Avant de s’effacer dans l’autre monde, Mia raconte à son arrière petite fille comment Dhortout, son village, a sombré dans le désastre. En plongeant dans son vieux journal, elle retrouve son regard d’enfant face à la malveillance, un regard tendre et lucide, témoin d’une bêtise qui se transforme en haine, témoin de la maltraitance d’une jeune fille étrangère. Dans son ultime transmission, elle ranime les émotions, la prise de conscience, le courage et la révolte de cette petite fille qu’elle fût et qui n’a jamais cessé de vivre en elle.

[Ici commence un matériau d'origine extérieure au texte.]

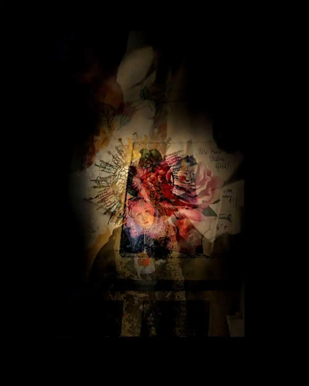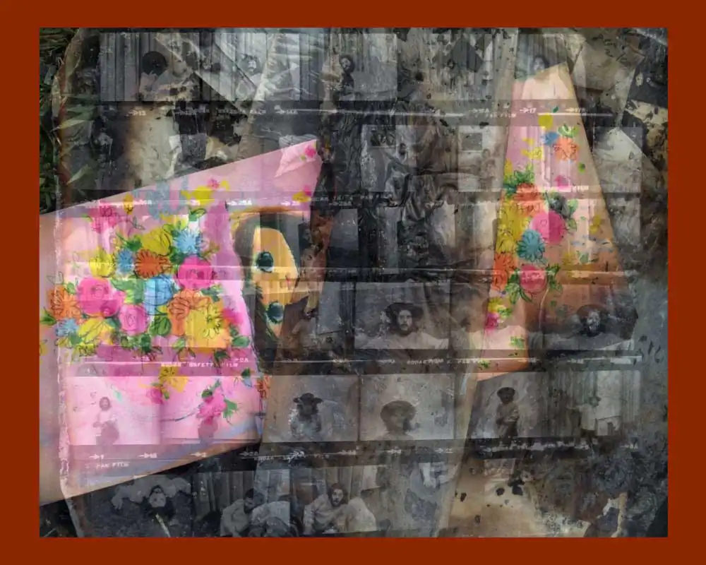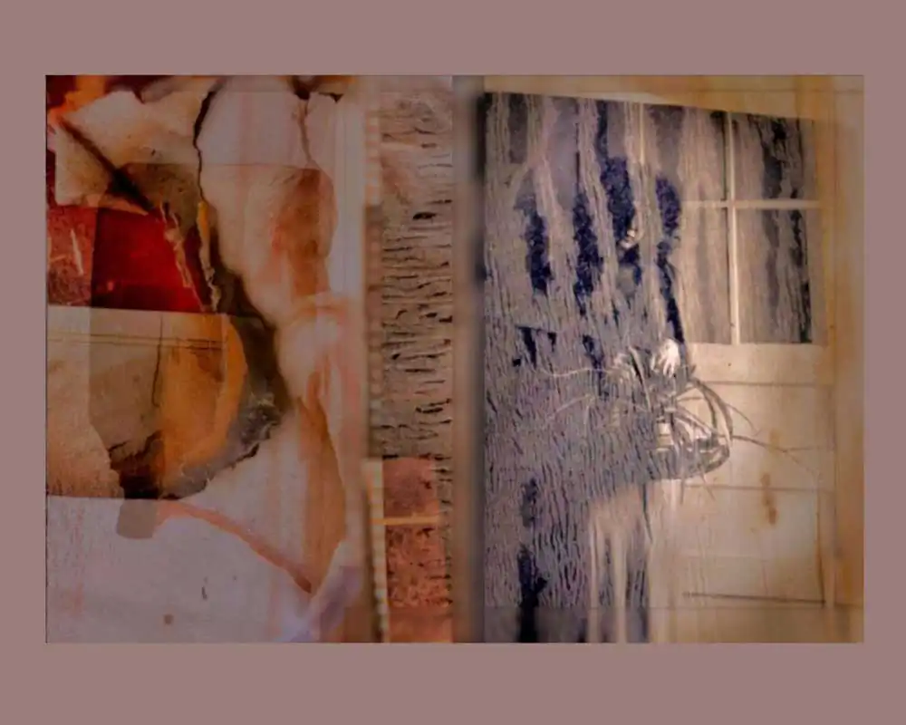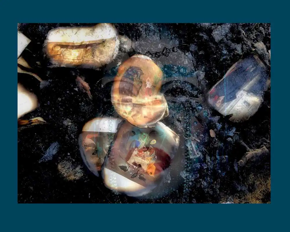 I was still in shock as I had just finished preparing my slides, negatives, diaries to be mailed to my Syracuse University Bird Library archive. It was devastating to know it had mostly burned. I quickly became a researcher. Instead looking for ancient finds, I was frantically digging my own life story out of smoldering ashes – I had to. The storage space became my art studio, as I learned archival techniques to dry and blot with paper towels everything in hopes to save the fragile paper and celluloid relics. The fire and powerful water hoses rearranged my things into clumped pieces that no longer had their linear direction. Memory was layered in abstract and uncanny ways. Since my friend and colleague Christine regularly composed images in her digital processing, we discussed how she might guide me to bring some of the history together in a way that pleased me, and created visuals in an elegiac way, rather than the chaos. Over our time together, Christine shared her spirituality with me, being also a Yoga teacher, and ways of meditation and relaxation.  Christine was the first friend I called after the fire knowing she had empathy, and could identify with my trauma and smooth out the first strike of shock.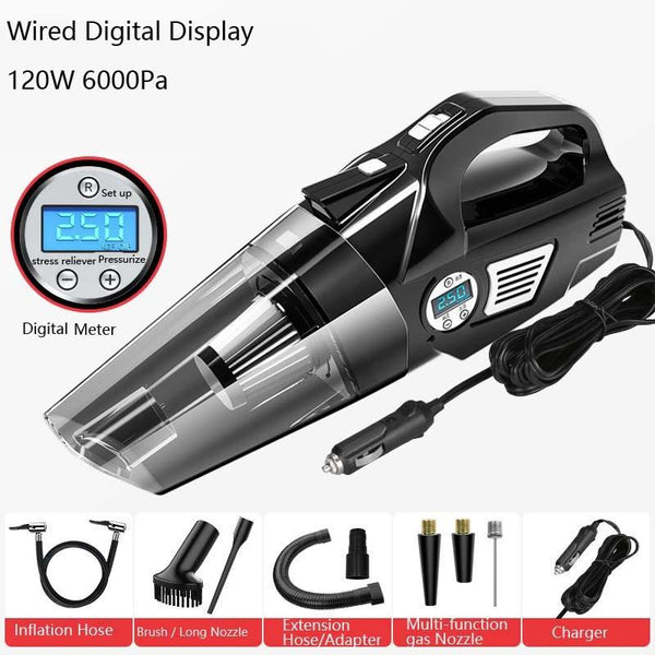 Car Vacuum Cleaner Air Pump Four-In-One Car Air Pump Digital Display 120W, Specification:Wired, Style:Digital Meter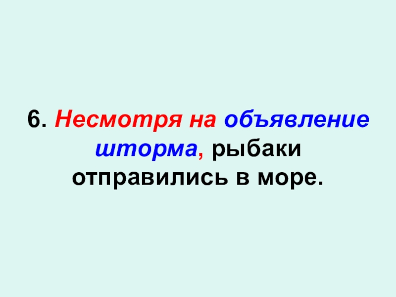 Слайд 256. Несмотря на объявление шторма, рыбаки отправились в море.

Ce conte initiatique souligne la puissance de la parole, son pouvoir destructeur mais aussi son ressort libérateur et créateur. Il évoque la difficulté à surmonter les violences verbales. « …les mauvais mots la cognaient aussi fort que des coups… », et pose également la question des émotions refoulées et de leur devenir.
Par delà les grands thèmes d’intolérance et de xénophobie, Marie Buvard est comme un signal d’alarme sur un terrain glissant, celui de la banalisation du langage.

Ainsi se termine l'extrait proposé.